Hungarian president questions bill closing central bank's books to public scrutiny

By bne IntelliNews March 9, 2016

Hungary's president has sent the government's controversial bill seeking to partially close the books of the central bank to public scrutiny to the constitutional court for review, his office reported on March 9.

Parliament passed on March 1 a bill submitted just the previous day by an MP from the ruling Fidesz party that raises the pay of top officials at the central bank. More controversially, the legislation hands the MNB discretion to withhold data from public scrutiny, in particular pertaining to its spending and the companies it owns.

However, despite being a close ally of Prime Minister Viktor Orban – and therefore Magyar Nemzeti Bank head Georgy Matolcsy - Janos Ader blocked the passage of the bill. The proposed law provoked fury from the opposition, who point out that it seeks to limit information on public money.

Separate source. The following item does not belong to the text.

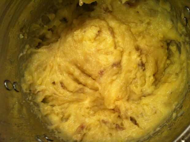 Tomar tus papas hervidas y convertirlas en puré utilizando la batidora de mano. Estos deben tener una consistencia mucho más delgada que el puré de papas normal y deben ser lisos con sólo pequeños trozos de patatas. A continuación, tomar 2/3 de la cebolla y mezcla a las patatas. El aceite que las cebollas eran salteadas en también debe agregar a las patatas trituradas.

The bill gives the MNB the power to withhold information on its companies, if it judges that dissemination would harm the interests of monetary or foreign exchange policy. Six educational foundations, which were granted HUF245bn in 2014, are now fully controlled by their curators, and so their assets no longer qualify as public assets ruled by the laws of public disclosure, the bill states.

The bill would also put the finances of the Budapest Stock Exchange – which after being taken over by the central bank last year approved a new strategy for its medium term development on March 9 – out of reach.

"Having examined the legislation, I have found that the changes are not in line with the constitutional provisions on the handling of public funds and on the freedom of public information," Ader said in a statement on his website.

The MNB posted a record profit of HUF95bn (€309mn) in 2015, despite a spate of purchases – mainly of property and fine art – over the past couple of years. Critics point out that the funds are public, and that should the MNB record a loss, Hungarian taxpayers would have to foot the bill.